April 5, 202417 Mins Read

The science fiction genre has been one of the most consistently thrilling to explore throughout the history of cinema. The way a visual medium like film can depict futuristic worlds or alternate realities means that almost anything that can be imagined can be depicted on-screen. Since the silent era, filmmakers have been using the medium to their advantage, commenting on humanity’s present and hypothesizing about its future through the science-fiction genre.

There are countless great sci-fi movies that have been released since the birth of cinema as an art form, and it’s ultimately futile to try and name every single amazing one. There are simply too many top sci-fi movies, and it’s a genre that’s still thriving, with new potential classics released seemingly every year. The following are among the best of the best from the sci-fi genre, being classics for their entertainment value, excellent technical qualities, and historical significance, and are ranked below in order from great to greatest.

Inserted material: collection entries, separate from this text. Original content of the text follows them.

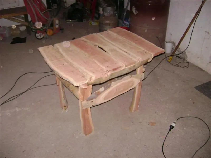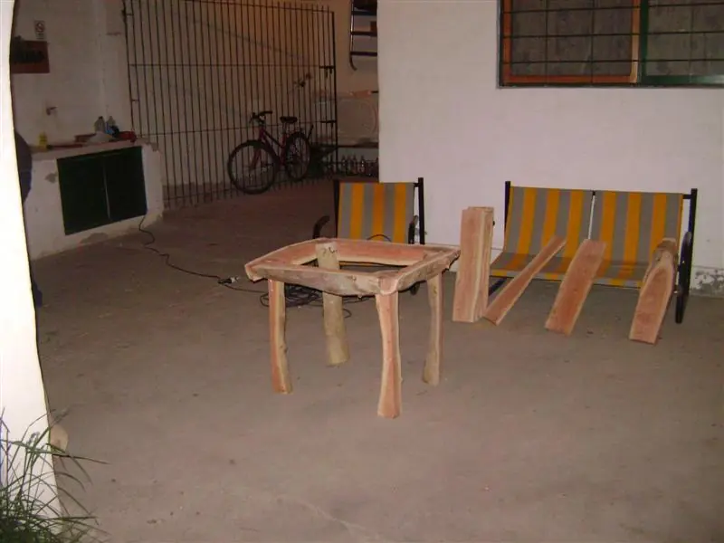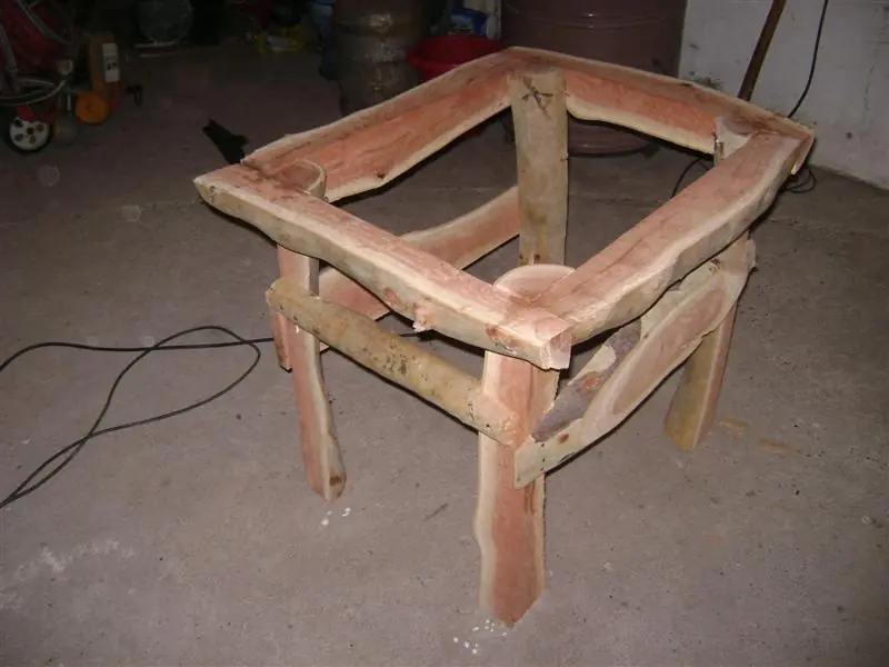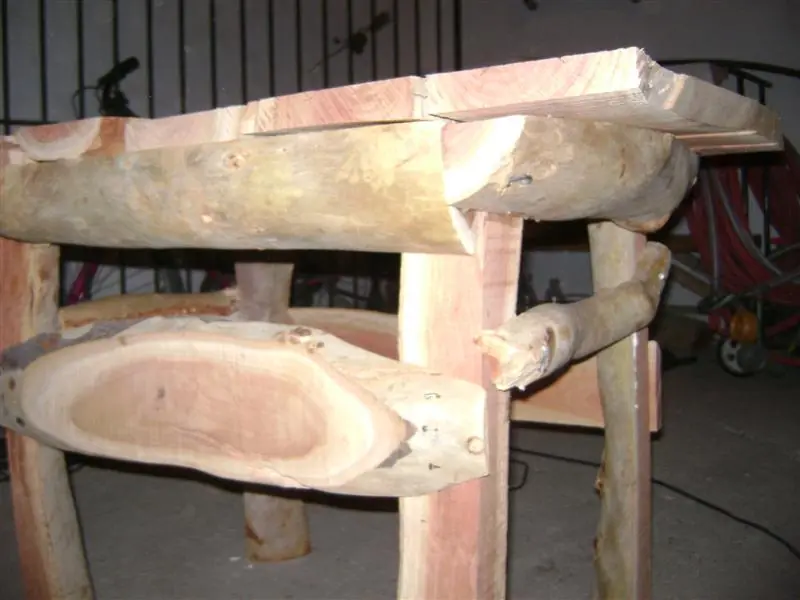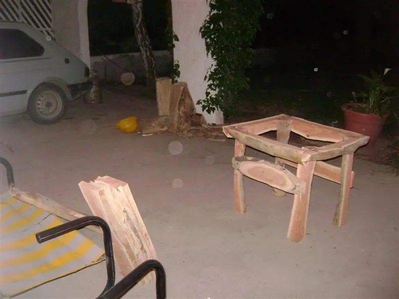 Nota: a los troncos finos les hice un corte en L para que encaje la mitad en la pata, queda mas prolijo pero no es esencial.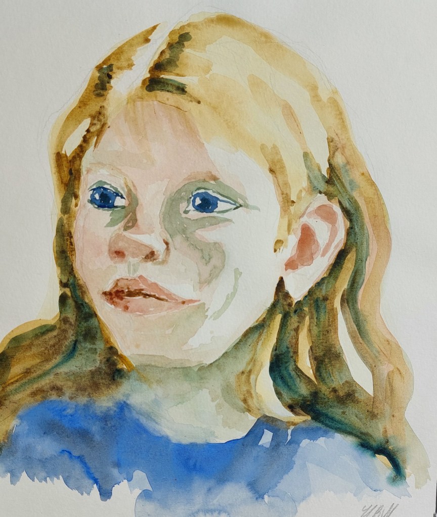 Helenas bilder skildrar ofta människors möte med vatten men den här gången har hon uteslutande tagit med porträtt i akvarellteknik. (Se bilden).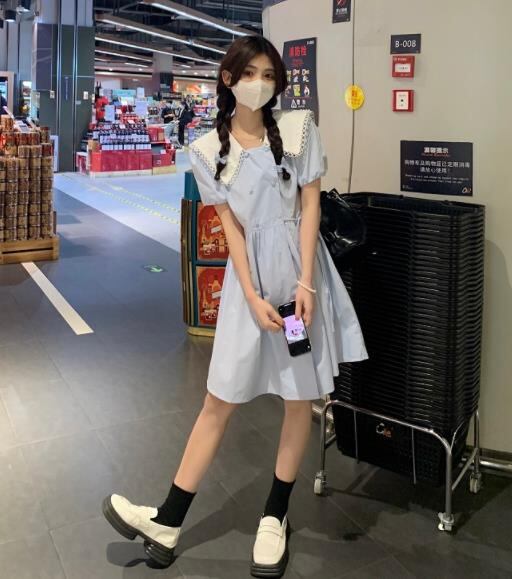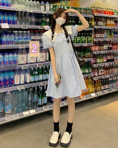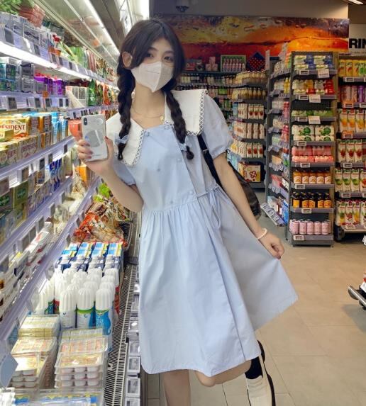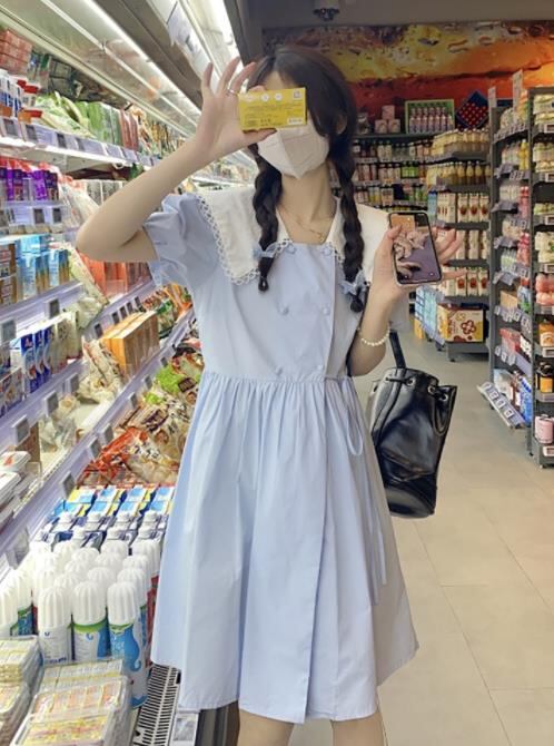 2022春夏新作 女 レディース ハイウエスト 半袖 ミニ ワンピース ドレス 台型スカート 2色 M/L

40 ‘Woman in the Moon’ (1929)

Director: Fritz Lang

The most famous sci-fi movie directed by Fritz Lang came out before Woman in the Moon (more on it a little down the line), but this 1929 shouldn’t be overlooked just because it’s his second-best science fiction film. It’s a remarkable cinematic achievement, considering it’s close to a century old, and remains an engaging film about an expedition to the moon – led by a scientist – in search of gold.

Now, given its age and premise, there are aspects here that feel more fictional than ever in a post-moon landing world, but considering Woman in the Moon predated humanity actually reaching the moon by 40 years, the sci-fi movie’s predictions were still impressive. It’s also got inventive special effects and a surprisingly well-told and dramatic story, making it one of the best – and most underrated – films of the silent era, sci-fi or otherwise.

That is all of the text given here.